**Problem to solve**
For the material below, the expected output is exactly the lines between the line holding "This McGregor 350W" and the line holding "PA1 umożliwia rozbudowę", inclusive, with pictures left out.

**Data to process**
━━━━━━━━

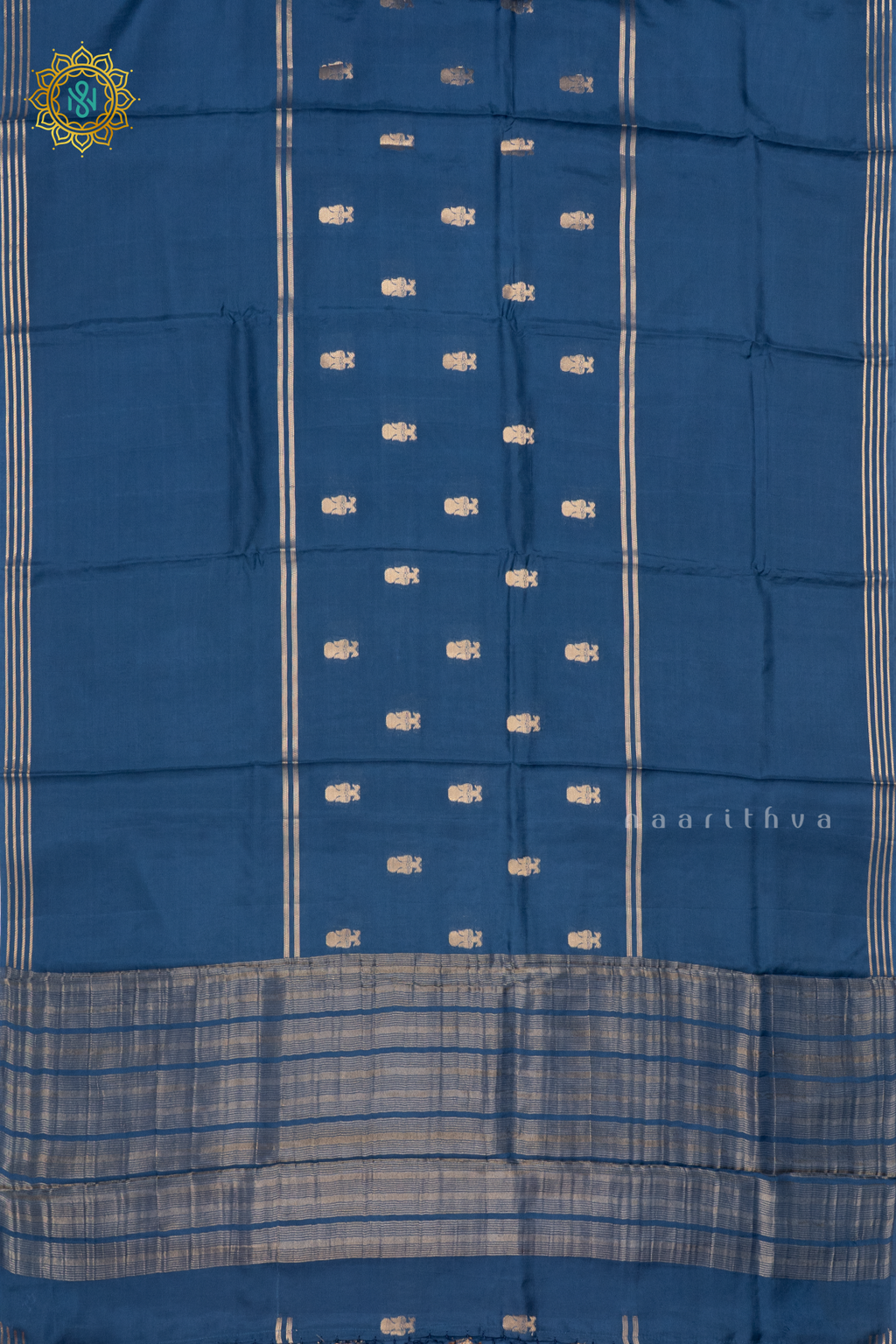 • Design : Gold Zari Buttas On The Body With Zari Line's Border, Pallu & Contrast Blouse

━━━━━━━━

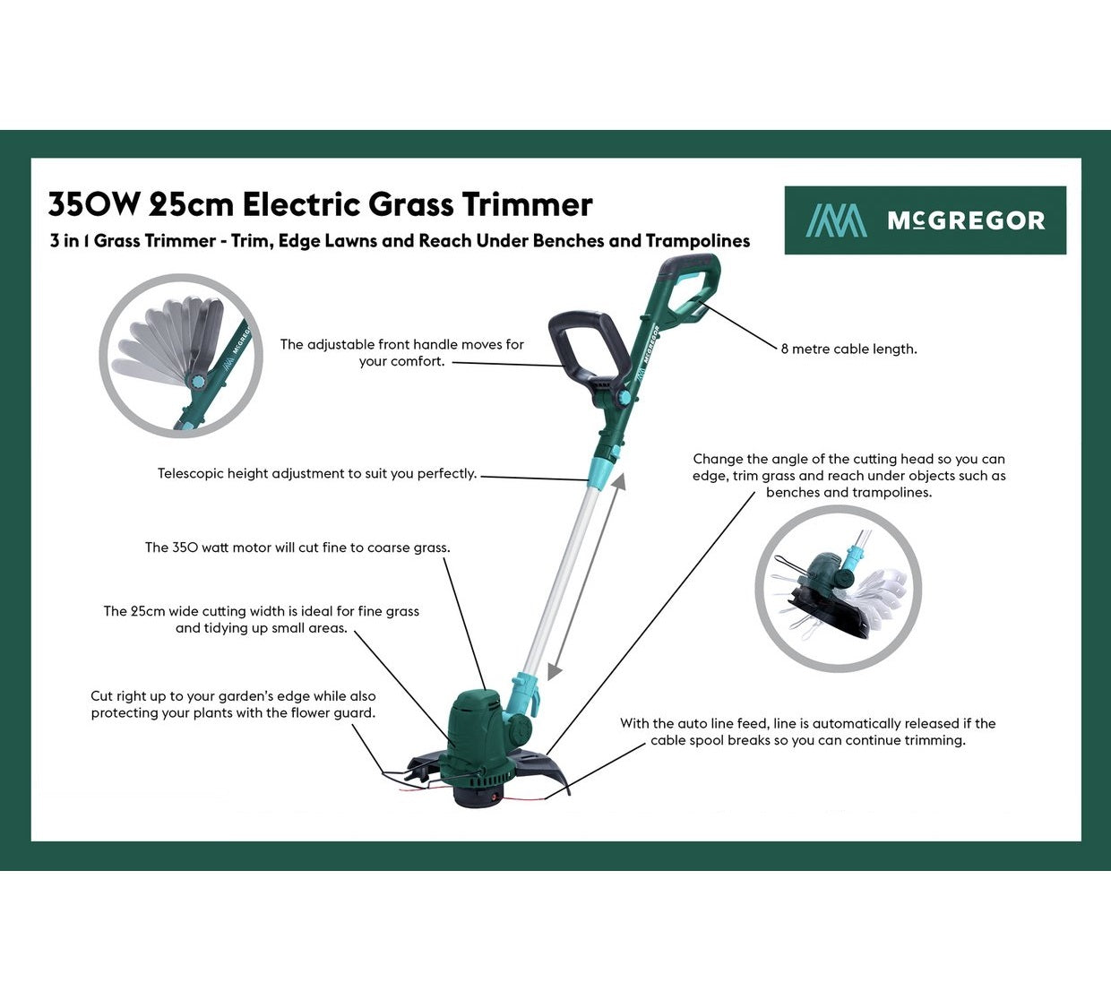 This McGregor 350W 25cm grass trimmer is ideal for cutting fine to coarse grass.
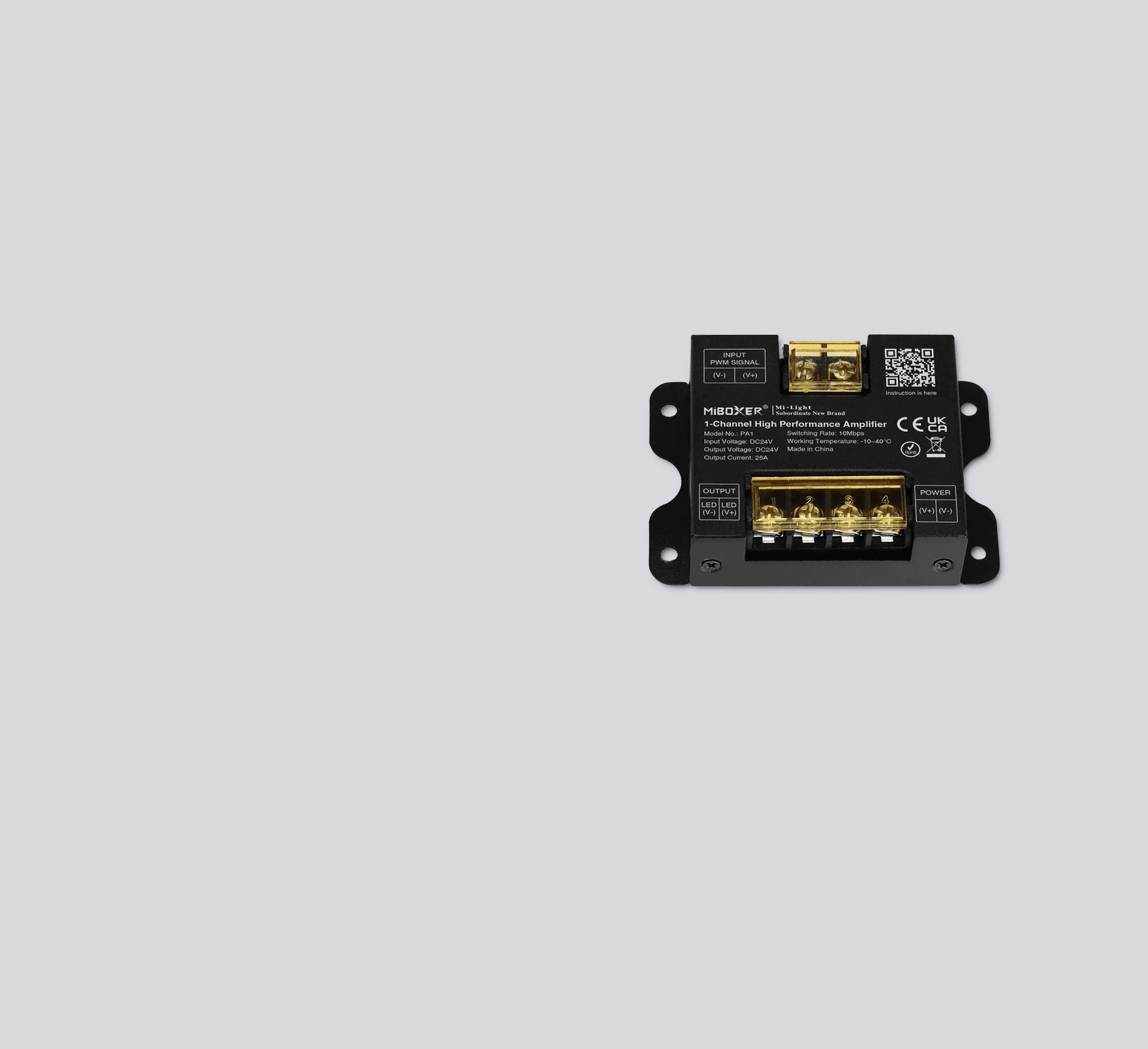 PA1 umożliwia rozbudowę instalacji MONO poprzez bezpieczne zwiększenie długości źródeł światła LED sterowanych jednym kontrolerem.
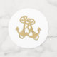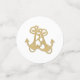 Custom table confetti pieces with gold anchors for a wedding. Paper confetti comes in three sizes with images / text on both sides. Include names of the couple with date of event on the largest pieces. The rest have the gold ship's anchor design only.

━━━━━━━━

**Response to this task**
 This McGregor 350W 25cm grass trimmer is ideal for cutting fine to coarse grass.
 PA1 umożliwia rozbudowę instalacji MONO poprzez bezpieczne zwiększenie długości źródeł światła LED sterowanych jednym kontrolerem.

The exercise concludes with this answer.